Myth. While some rightsholders offer licences to use their works for AI development, many others are unprepared for AI licensing, both practically and conceptually. Recent figures show that the majority of websites and rightsholders do not block access to their data for AI training, which indicates that they do not see any need to opt-out. Surveys of content creators also show that their views on the use of works for AI training are not as black and white as some try to make you think – creators’ preferences are much more nuanced.
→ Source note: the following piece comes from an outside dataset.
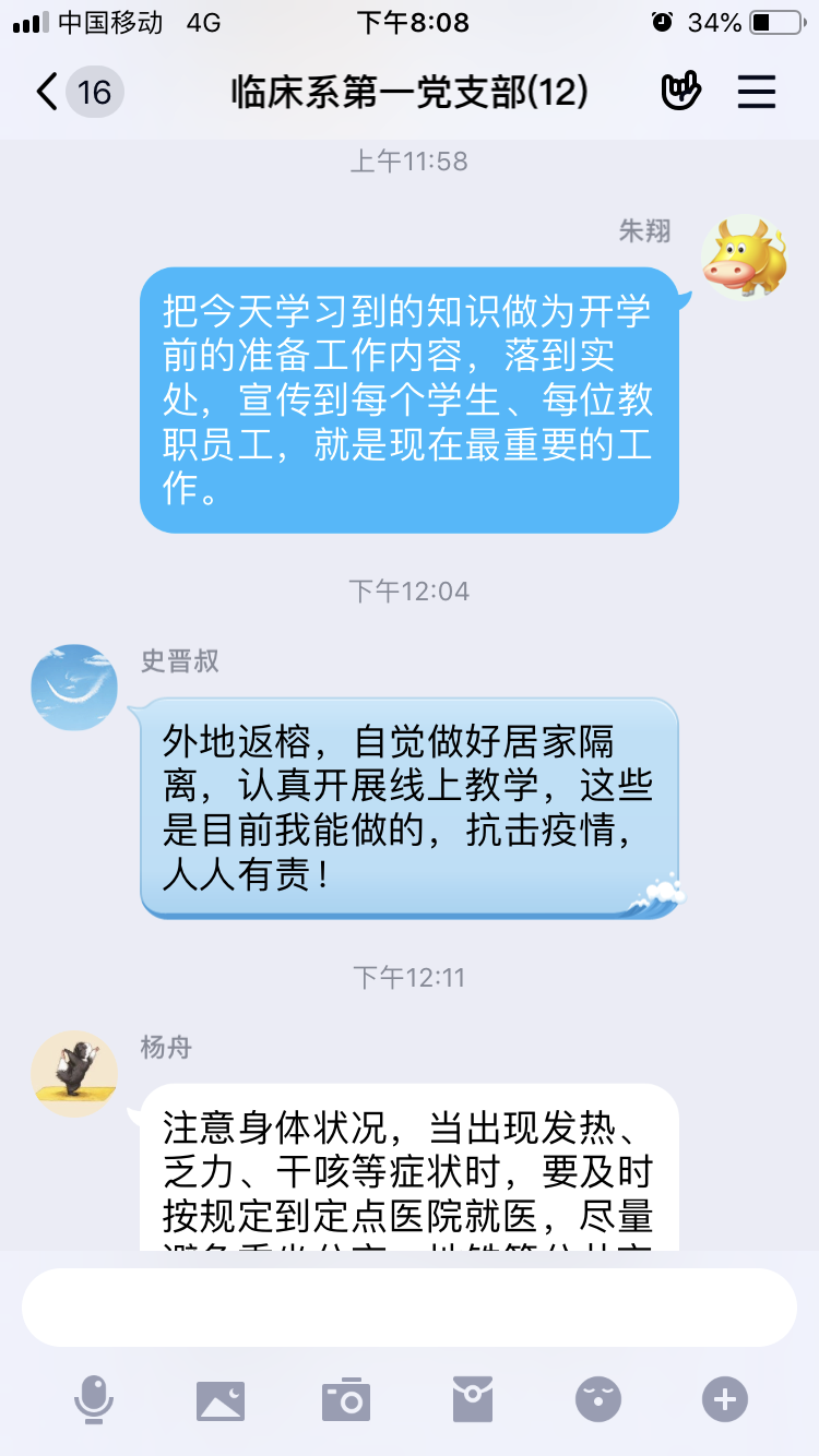 2020年2月24日上午,臨床醫(yī)學系第一黨支部組織全體黨員在線觀看學習復旦大學“新冠肺炎防控第一課”網(wǎng)絡直播,由復旦大學附屬華山醫(yī)院感染科主任張文宏與復旦大學上海醫(yī)學院副院長吳凡聯(lián)袂開課。線上聆聽兩位專家講述“新冠肺炎防控第一課”,聚焦提升公民健康素養(yǎng)。課程結(jié)束,臨床醫(yī)學系第一黨支部對“新冠肺炎防控第一課”進行線上研討。黨員同志們針對今天的學習紛紛發(fā)表了各自的體會和收獲。

In fact, slowing down generative AI innovation through cumbersome licensing of AI training data is likely to negatively impact the media and creative sectors, which are among the first to really benefit from this type of innovation. Many media companies and professionals are already exploring how to use AI for their own content creation for instance. Balancing the interests of the creative sector with technological advancements and fundamental rights will remain essential to foster this kind of innovation.
Conclusion
Navigating the intersection of generative AI and copyright requires everyone involved to reconcile competing interests while upholding fundamental freedoms and key principles. It’s crucial to address misconceptions, clarify legal frameworks, and foster collaboration between sectors to ensure equitable and sustainable AI development in the EU.
Europe already has all the necessary regulatory tools to protect copyright in the age of AI. Stakeholders just need to work together to make sure everyone can harness the full potential of generative AI.
An abridged version of this article first appeared in German in Tagesspiegel Background Digitalisierung & KI – Generative KI und das Urheberrecht: Mythen und Fakten.